X = np.hstack([df_cat_dummies, df_cont])
y = data[target]

## Modeling

In [10]:
models = [
    sklearn.dummy.DummyRegressor(),
    sklearn.linear_model.LinearRegression(),
    sklearn.svm.SVR(),
    sklearn.ensemble.RandomForestRegressor(),
    sklearn.ensemble.ExtraTreesRegressor(),
    xgb.XGBRegressor(),
]

In [11]:
scorings = [
    ('neg_mean_squared_error', sklearn.metrics.mean_squared_error),
]
scoring, scorer = scorings[0]

In [12]:
for mdl in models:
    'model', mdl.fit(X, y)
    'train', scorer(y, mdl.predict(X))
    cvss = sklearn.model_selection.cross_val_score(mdl, X, y)
    'cv', ['%.2E' % decimal.Decimal(cvs) for cvs in cvss]

('model', DummyRegressor(constant=None, quantile=None, strategy='mean'))

('train', 8157848.9047869602)

('cv', ['-1.05E-03', '-4.34E-03', '-2.34E-03'])

('model',
 LinearRegression(copy_X=True, fit_intercept=True, n_jobs=1, normalize=False))

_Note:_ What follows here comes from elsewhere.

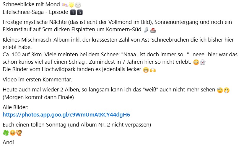 Schneeblicke mit Mond Eifelschnee-Saga - Episode Frostige mystische Nächte (das ist echt der Vollmond im Bild), Sonnenuntergang und noch ein Eiskunstlauf auf 5cm dicken Eisplatten um Kommern-Süd Kleines Mischmasch-Album inkl. der krassesten Zahl von Ast-Schneebrüchen die ich bisher hier erlebt habe. Ca. 100 auf 3km. Viele meinten bei dem Schnee: "Naaa...ist doch immer so..."...neee...hier war das schon kurios viel auf einen Schlag . Zumindest in 7 Jahren hier so nicht erlebt. Die Rinder vom Hochwildpark fanden es jedenfalls lecker Video im ersten Kommentar. Heute auch mal wieder 2 Alben, so langsam kann ich das "weiß" auch nicht mehr sehen (Morgen kommt dann Finale)

('train', 1673549.4681819999)

('cv', ['-1.13E+24', '-9.45E+22', '-1.98E+23'])

('model',
 SVR(C=1.0, cache_size=200, coef0=0.0, degree=3, epsilon=0.1, gamma='auto',
   kernel='rbf', max_iter=-1, shrinking=True, tol=0.001, verbose=False))

('train', 9070613.9290367048)

('cv', ['-1.41E-01', '-1.02E-01', '-1.00E-01'])

('model',
 RandomForestRegressor(bootstrap=True, criterion='mse', max_depth=None,
            max_features='auto', max_leaf_nodes=None,
            min_impurity_split=1e-07, min_samples_leaf=1,
            min_samples_split=2, min_weight_fraction_leaf=0.0,
            n_estimators=10, n_jobs=1, oob_score=False, random_state=None,
            verbose=0, warm_start=False))

('train', 929854.72843959404)

('cv', ['3.86E-01', '4.56E-01', '3.79E-01'])

('model', ExtraTreesRegressor(bootstrap=False, criterion='mse', max_depth=None,
           max_features='auto', max_leaf_nodes=None,
           min_impurity_split=1e-07, min_samples_leaf=1,
           min_samples_split=2, min_weight_fraction_leaf=0.0,
           n_estimators=10, n_jobs=1, oob_score=False, random_state=None,
           verbose=0, warm_start=False))

('train', 3.0176446406535717e-25)

('cv', ['-4.84E-02', '3.68E-01', '-9.72E-02'])

('model',
 XGBRegressor(base_score=0.5, colsample_bylevel=1, colsample_bytree=1, gamma=0,
        learning_rate=0.1, max_delta_step=0, max_depth=3,
        min_child_weight=1, missing=None, n_estimators=100, nthread=-1,
        objective='reg:linear', reg_alpha=0, reg_lambda=1,
        scale_pos_weight=1, seed=0, silent=True, subsample=1))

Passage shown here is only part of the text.